Curling

can anybody tell me what we do with p_b file in server…

Finally got root. Thx @Ahm3dH3sham for his guidance and all the comments from different prof here!!!

@ZeusBot said:
can anybody tell me what we do with p_b file in server…

Check the header of that file and try to use the suitable tool to open it!

Hi all. How upload shell without index page?

@mazafaka said:
Hi all. How upload shell without index page?

You must search the administration page ! :wink:

@d4ydr34mer said:
Ooof…need a hint for root. I see the input/output files. I even see the exact commands running as root that update them, but I can’t figure out what to do from there. I don’t have access to any of these files…

In the command what are the parameters used for? Check the man pages :wink:

Can’t seem to get the correct syntax or I’m looking in the wrong place for privesc.
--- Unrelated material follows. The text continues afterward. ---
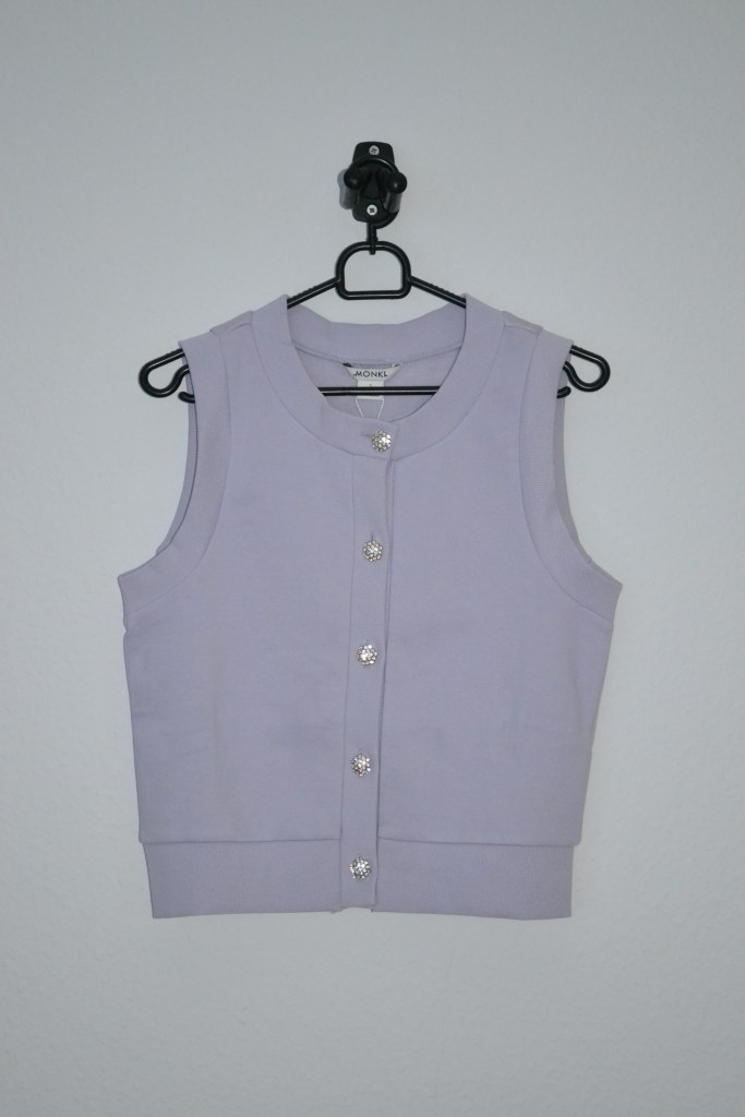 And I have more vests to share with you. This is another Monki vest, however not a sweater vest. I obviously love the colour, and I also really like the rhinestone buttons.

Could anyone send me a PM?

guys I saw 2 file inside ***area. but stuck at priv esc. please PM me any hint for me??

@agnarus said:
guys I saw 2 file inside ***area. but stuck at priv esc. please PM me any hint for me??

@oaxd thanks Bro.

@Rhaihi said:
I’am trying to upload a shell but I keep getting the message: “File not safe”, I have adjusted the settings so that the shell is accepted but still cant upload… how can I bypass this “File is not safe” message?
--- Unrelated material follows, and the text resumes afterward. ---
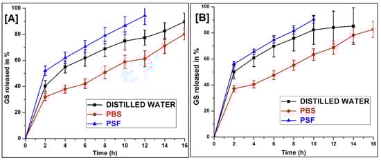 The GS release from the composite scaffold in PSF, water and a PBS (pH 7.4) that lasted for up to 16 h is shown in Figure 6. There was an immediate release of GS followed by a slow-release observed with both scaffolds. The GS release was found to be high in the order of PSF > water > PBS. In the case of PSF, approximately 90% and 86% of the GS had been released within 10 h, whereas it took 14 h and 16 h for the water and the PBS scaffold 1:3 (Figure 6A) and 1:4 (Figure 6B), respectively, after which degradation of the scaffold structure occurred. The study revealed that GS release is influenced by the fluid environment present in the dissolution medium. The immediate drug release percentage may help provide a high drug concentration at the wound site, prevent infection, and help speed up the healing process, whereas sustained-release maintains GS at the wound site for a long period [31].

Joomla has a built-in mechanism to upload bundles of PHP files.

nice and funny
also getting root.txt with and without a shell is something to add to the arsenal if you haven’t yet, esp. for CTF style challenges

This is a easy box, but if anyone needs help, pm me.

This was an easy one. Usually it takes me days to get both flags but this time it was a matter of minutes. I think this box will be awesome for starters in the Linux pentesting.

Question, was intended for this machine to have a upload form in the main page?

Can anyone DM with a hint on root? I think I maybe down a rabbit hole?

Can someone give a hint for root? I know where to look, just not what to look for

Is the machine unstable on the Free Server? I am getting this almost every time I am working on the machine.
"WARNING: Failed to daemonise. This is quite common and not fatal. Connection refused (111) "

@Draco123 said:
Is the machine unstable on the Free Server? I am getting this almost every time I am working on the machine.
"WARNING: Failed to daemonise. This is quite common and not fatal. Connection refused (111) "

As a few people have stated before, there’s one method of getting code execution which involves overwriting the default page. That particular route of getting RCE is what’s causing the error you’re seeing.

Stuck on priv esc… I see the files inside the *****area but I don’t know what I can use them for, any hints?

Help anyone please.
I managed to get a reverse shell then decrypted that p******* file too. got some data but then stuck. No idea what to do and how to use it to read user.txt.